CosmosDB Query Performance

I wrote my latest update, and then got the following error from Stack Overflow: "Body is limited to 30000 characters; you entered 38676."
It's fair to say I have been very verbose in documenting my adventures, so I've rewritten what I have here to be more concise.
I have stored my (long) original post and updates on pastebin. I don't think many people will read them, but I put a lot of effort in to them so it'd be nice not to have them lost.
I have a collection which contains 100,000 documents for learning how to use CosmosDB and for things like performance testing.
Each of these documents has a Location property which is a GeoJSON Point.
According to the documentation, a GeoJSON point should be automatically indexed.
Azure Cosmos DB supports automatic indexing of Points, Polygons, and LineStrings
I've checked the Indexing Policy for my collection, and it has the entry for automatic point indexing:
{
"automatic":true,
"indexingMode":"Consistent",
"includedPaths":[
{
"path":"/*",
"indexes":[
...
{
"kind":"Spatial",
"dataType":"Point"
},
...
]
}
],
"excludedPaths":[ ]
}
I've been looking for a way to list, or otherwise interrogate the indexes that have been created, but I haven't found such a thing yet, so I haven't been able to confirm that this property definitely is being indexed.
I created a GeoJSON Polygon, and then used that to query my documents.
This is my query:
var query = client
.CreateDocumentQuery<TestDocument>(documentCollectionUri)
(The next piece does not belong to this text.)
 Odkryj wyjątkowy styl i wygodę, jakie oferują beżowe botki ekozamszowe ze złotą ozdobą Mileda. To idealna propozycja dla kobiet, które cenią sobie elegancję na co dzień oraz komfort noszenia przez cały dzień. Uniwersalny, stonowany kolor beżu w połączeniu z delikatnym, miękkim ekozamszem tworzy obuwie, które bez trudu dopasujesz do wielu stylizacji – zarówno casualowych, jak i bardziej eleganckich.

.Where(document => document.Type == this.documentType && document.Location.Intersects(target.Area));
And I then pass that query object to the following method so I can get the results while tracking the Request Units used:
protected async Task<IEnumerable<T>> QueryTrackingUsedRUsAsync(IQueryable<T> query)
{
var documentQuery = query.AsDocumentQuery();
var documents = new List<T>();
while (documentQuery.HasMoreResults)
{
var response = await documentQuery.ExecuteNextAsync<T>();
this.AddUsedRUs(response.RequestCharge);
documents.AddRange(response);
}
return documents;
}
The point locations are randomly chosen from 10s of millions of UK addresses, so they should have a fairly realistic spread.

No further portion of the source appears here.